» Provided data
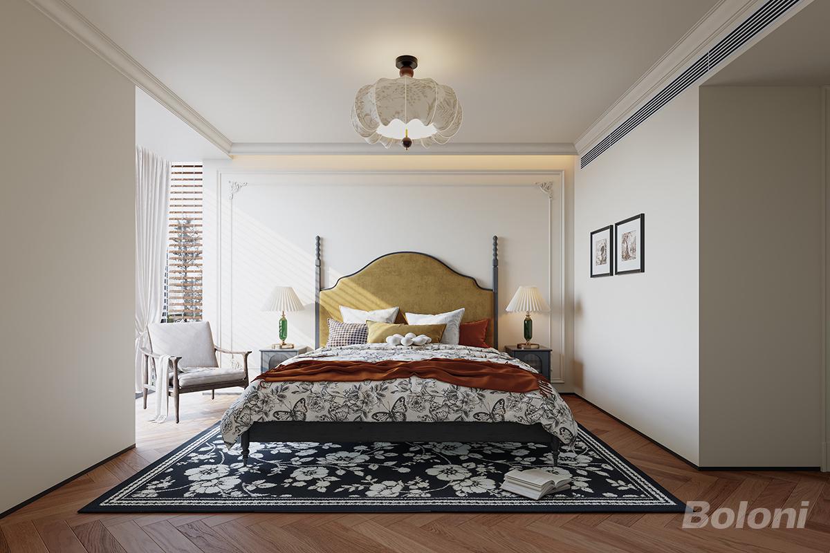法式中古风尽显优雅,绒面弧形床头搭配花卉床品,自带浪漫氛围。墙面石膏线精致细腻,复古吊灯与法式壁灯呼应,胡桃木床头柜与奶油色墙面形成质感对比,软装以柔和色系为主,整体兼具法式的精致与中古的复古,静谧又高级。
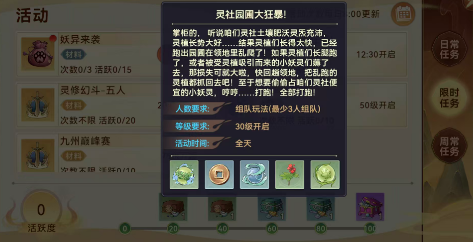 该活动每日固定于12:30准时开启,持续时间有限,仅限单日参与一次。玩家需提前做好准备,在整点前进入游戏界面,确保准时入场。活动入口位于灵社主地图内——此处设有一处专属种植园区,区域内灵植繁茂,受其气息吸引,大量妖灵将在林间游走徘徊。玩家的任务即是在限定时间内,将这些被灵植引来的妖灵成功捕获并带回,完成清剿目标。
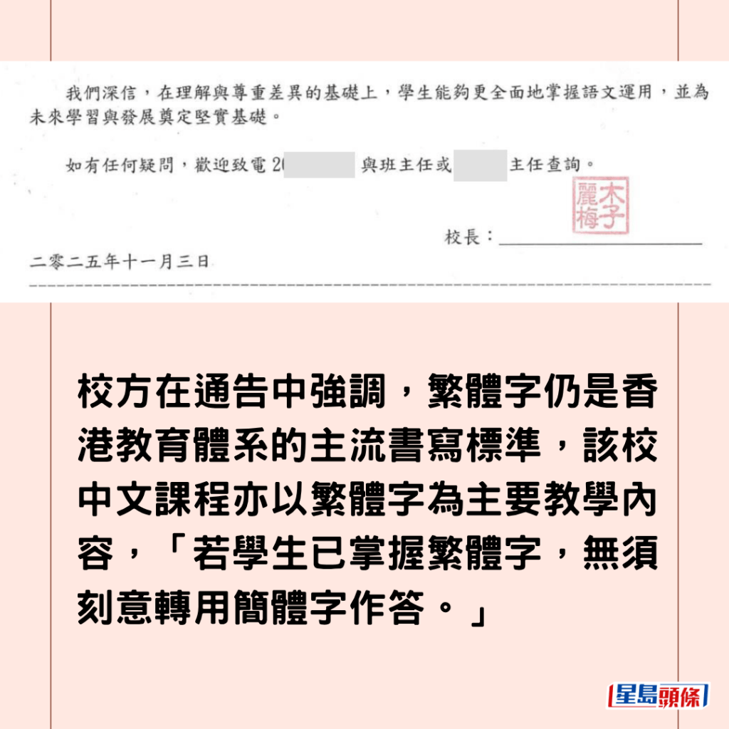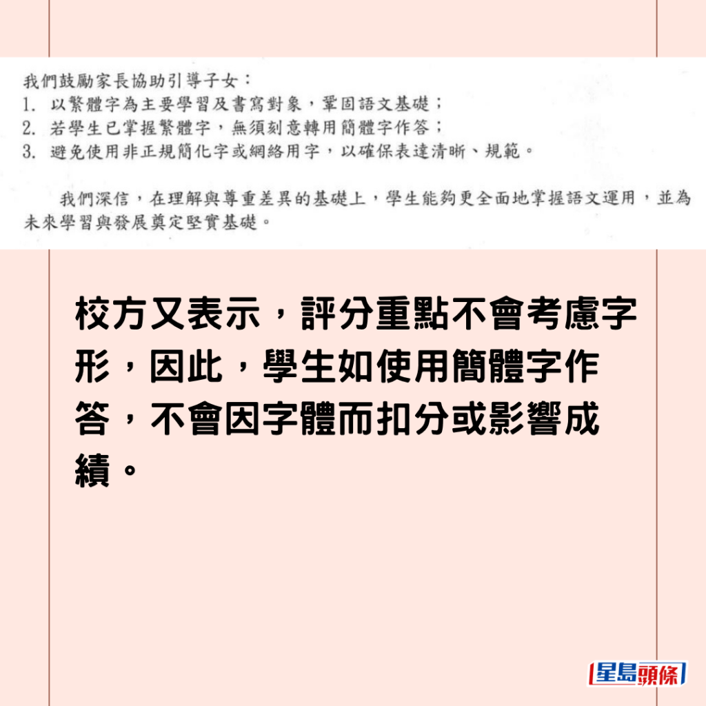 校方在通告中強調,繁體字仍是香港教育體系的主流書寫標準,該校中文課程亦以繁體字為主要教學內容,「若學生已掌握繁體字,無須刻意轉用簡體字作答。」
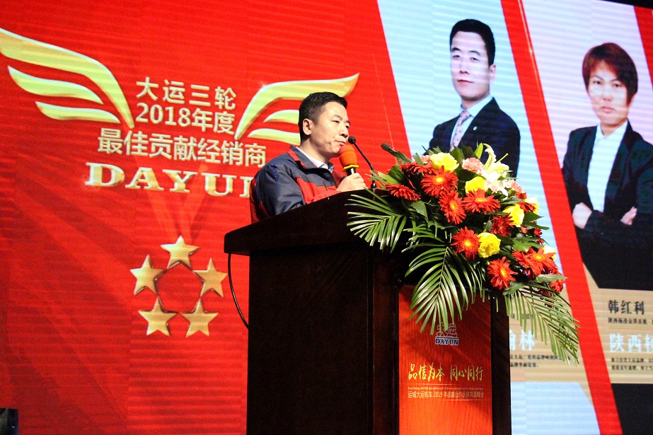 獲獎經(jīng)銷商代表,陜西創(chuàng)天商貿(mào)有限公司李彥宏先生,在經(jīng)銷商發(fā)言環(huán)節(jié)中提到,2018年成績斐然,相比2017年銷量提升53%。2019年,在市場疲軟的情況下,會盡最大的努力爭奪市場份額,因為大運(yùn)品牌馳名中外;因為大運(yùn)有自主發(fā)動機(jī)、全資獨(dú)立工廠;更因大運(yùn)有能量,團(tuán)隊有信心。
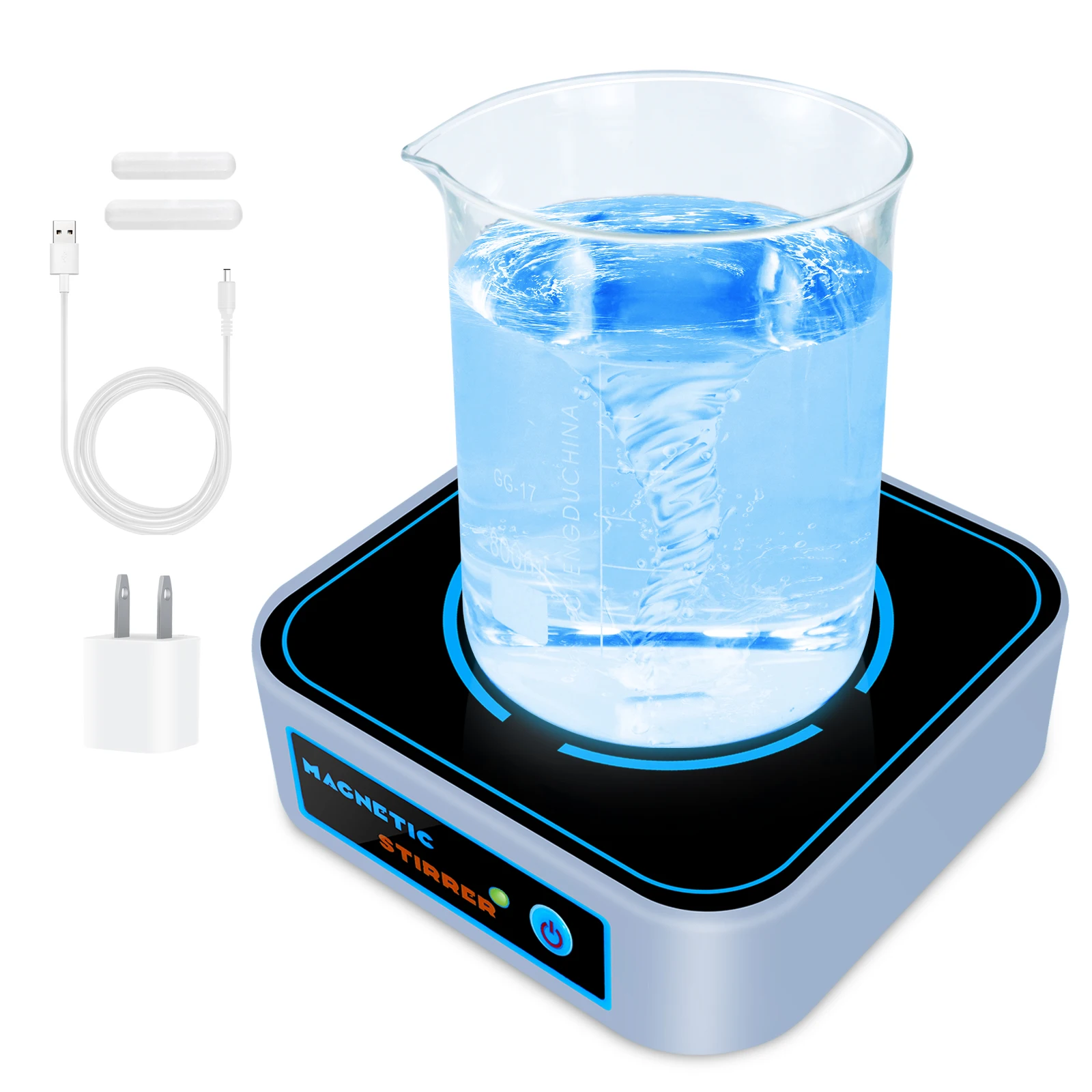 Agitateur magnétique, mini plaque d'agitation magnétique avec 2 barres d'agitation, 3000 tr/min agitateur magnétique mélangeur agitateurs de laboratoire, moteur à courant continu sans balais
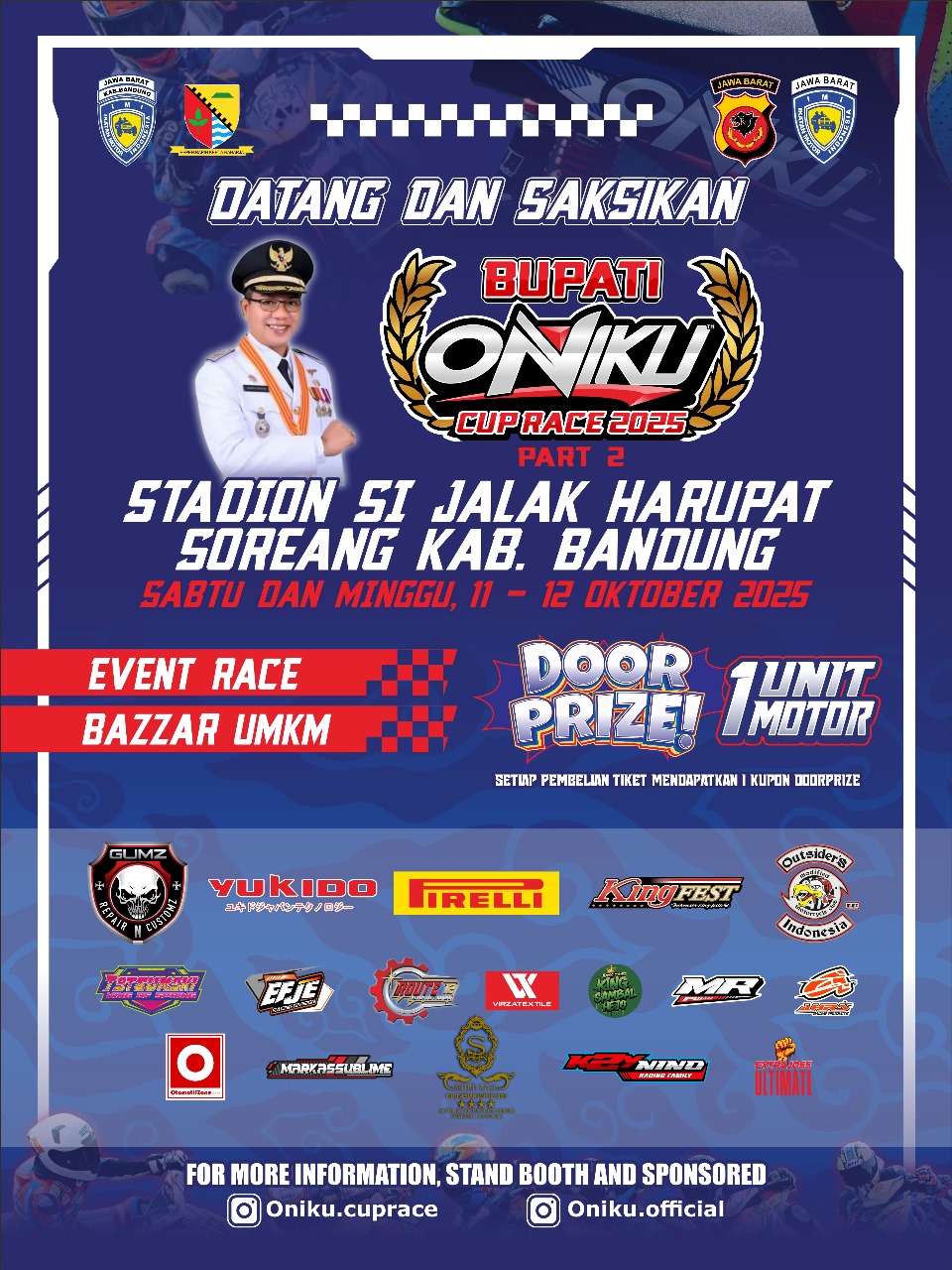 OtomotifZone.com – Bandung. Gelaran balap motor bergengsi Bupati Oniku Cup Race 2025 Part 2 siap mengguncang Stadion Si Jalak Harupat, Soreang – Kabupaten Bandung, pada Sabtu dan Minggu, 11–12 Oktober 2025. Event spektakuler ini dipersembahkan oleh Pemerintah Kabupaten Bandung bersama IMI Jawa Barat, menghadirkan kombinasi antara balap motor, bazar UMKM, dan doorprize satu unit motor untuk para penonton yang membeli tiket.
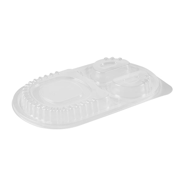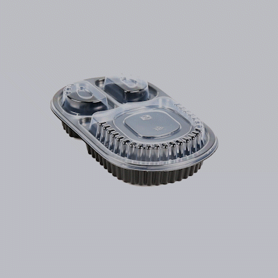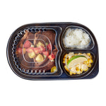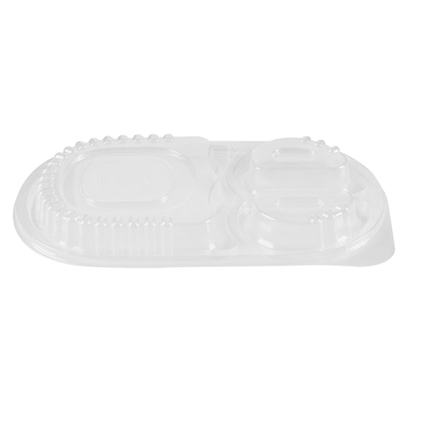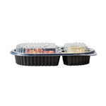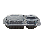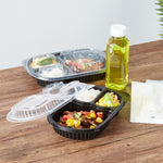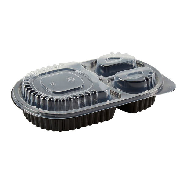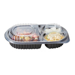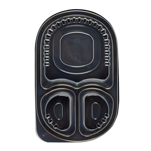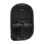 19 OZ OVAL BLACK PLASTIC 3 COMPARTMENT FOOD CONTAINER - WITH CLEAR LID

» Your instructions
The listing above should be repeated word for word, pictures removed.

» Task solution
法式中古风尽显优雅,绒面弧形床头搭配花卉床品,自带浪漫氛围。墙面石膏线精致细腻,复古吊灯与法式壁灯呼应,胡桃木床头柜与奶油色墙面形成质感对比,软装以柔和色系为主,整体兼具法式的精致与中古的复古,静谧又高级。
 该活动每日固定于12:30准时开启,持续时间有限,仅限单日参与一次。玩家需提前做好准备,在整点前进入游戏界面,确保准时入场。活动入口位于灵社主地图内——此处设有一处专属种植园区,区域内灵植繁茂,受其气息吸引,大量妖灵将在林间游走徘徊。玩家的任务即是在限定时间内,将这些被灵植引来的妖灵成功捕获并带回,完成清剿目标。
 校方在通告中強調,繁體字仍是香港教育體系的主流書寫標準,該校中文課程亦以繁體字為主要教學內容,「若學生已掌握繁體字,無須刻意轉用簡體字作答。」
 獲獎經(jīng)銷商代表,陜西創(chuàng)天商貿(mào)有限公司李彥宏先生,在經(jīng)銷商發(fā)言環(huán)節(jié)中提到,2018年成績斐然,相比2017年銷量提升53%。2019年,在市場疲軟的情況下,會盡最大的努力爭奪市場份額,因為大運(yùn)品牌馳名中外;因為大運(yùn)有自主發(fā)動機(jī)、全資獨(dú)立工廠;更因大運(yùn)有能量,團(tuán)隊有信心。
 Agitateur magnétique, mini plaque d'agitation magnétique avec 2 barres d'agitation, 3000 tr/min agitateur magnétique mélangeur agitateurs de laboratoire, moteur à courant continu sans balais
 OtomotifZone.com – Bandung. Gelaran balap motor bergengsi Bupati Oniku Cup Race 2025 Part 2 siap mengguncang Stadion Si Jalak Harupat, Soreang – Kabupaten Bandung, pada Sabtu dan Minggu, 11–12 Oktober 2025. Event spektakuler ini dipersembahkan oleh Pemerintah Kabupaten Bandung bersama IMI Jawa Barat, menghadirkan kombinasi antara balap motor, bazar UMKM, dan doorprize satu unit motor untuk para penonton yang membeli tiket.
 19 OZ OVAL BLACK PLASTIC 3 COMPARTMENT FOOD CONTAINER - WITH CLEAR LID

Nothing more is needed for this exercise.